What needs to be done: Look below for the line containing "Add a touch" and the line containing "Family Matching Adult", then set down both and every line between them exactly, without pictures.

Records for processing:
____
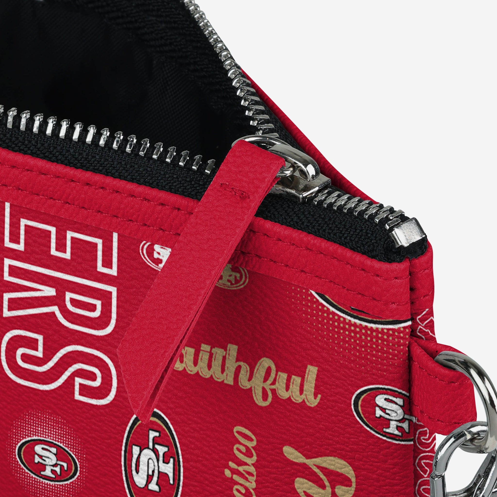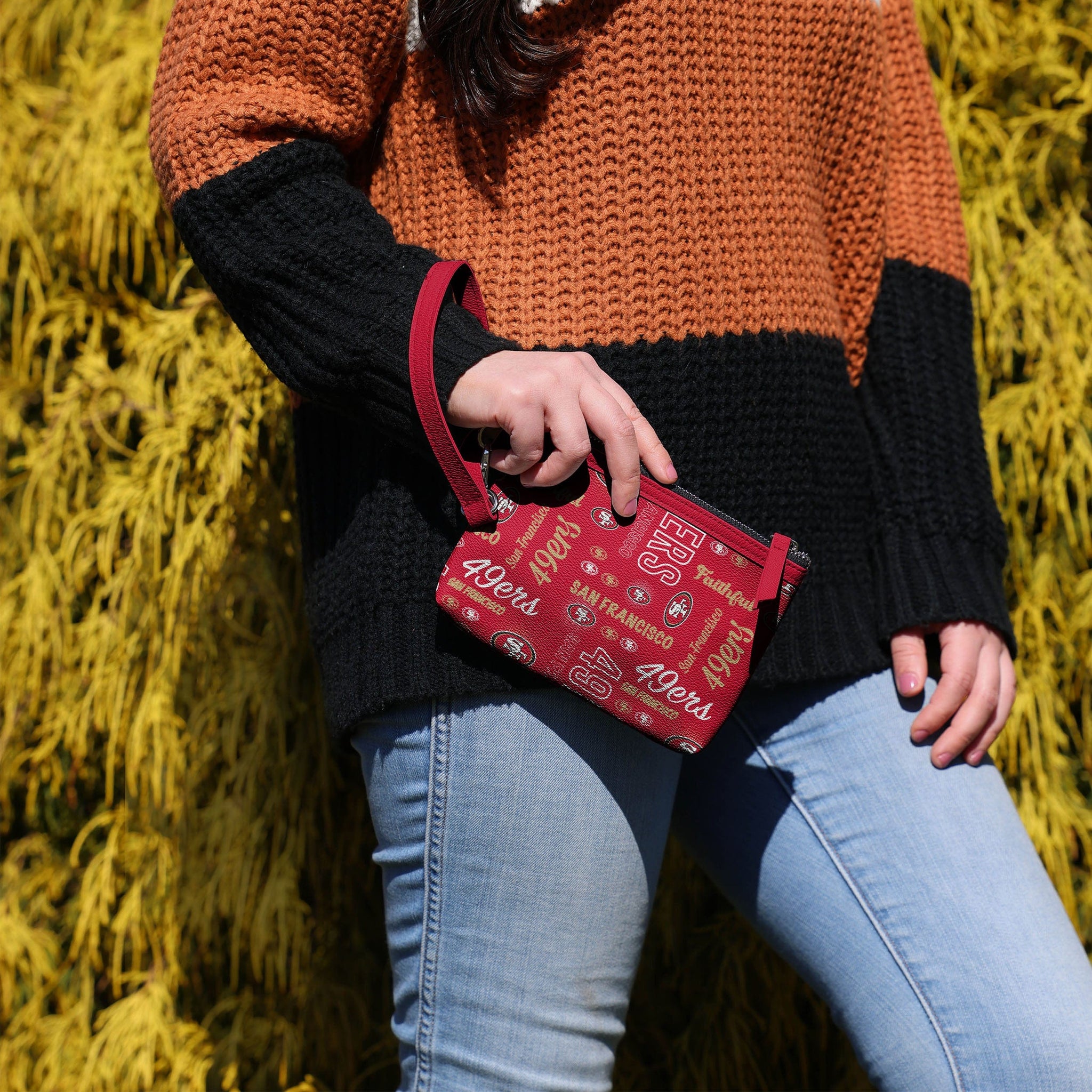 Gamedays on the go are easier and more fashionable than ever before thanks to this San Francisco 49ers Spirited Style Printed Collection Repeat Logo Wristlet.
____
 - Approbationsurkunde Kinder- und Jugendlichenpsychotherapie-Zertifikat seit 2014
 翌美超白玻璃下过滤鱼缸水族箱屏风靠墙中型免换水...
____
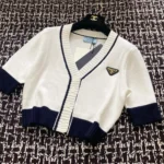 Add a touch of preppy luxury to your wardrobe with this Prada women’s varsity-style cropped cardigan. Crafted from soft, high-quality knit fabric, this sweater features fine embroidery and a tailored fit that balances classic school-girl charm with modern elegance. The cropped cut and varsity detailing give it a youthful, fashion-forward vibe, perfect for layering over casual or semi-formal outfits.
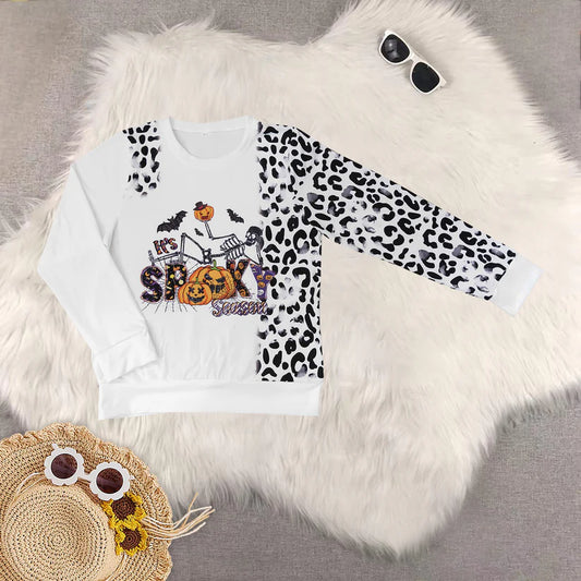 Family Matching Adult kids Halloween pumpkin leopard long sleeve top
____
Solution to this problem:
 Add a touch of preppy luxury to your wardrobe with this Prada women’s varsity-style cropped cardigan. Crafted from soft, high-quality knit fabric, this sweater features fine embroidery and a tailored fit that balances classic school-girl charm with modern elegance. The cropped cut and varsity detailing give it a youthful, fashion-forward vibe, perfect for layering over casual or semi-formal outfits.
 Family Matching Adult kids Halloween pumpkin leopard long sleeve top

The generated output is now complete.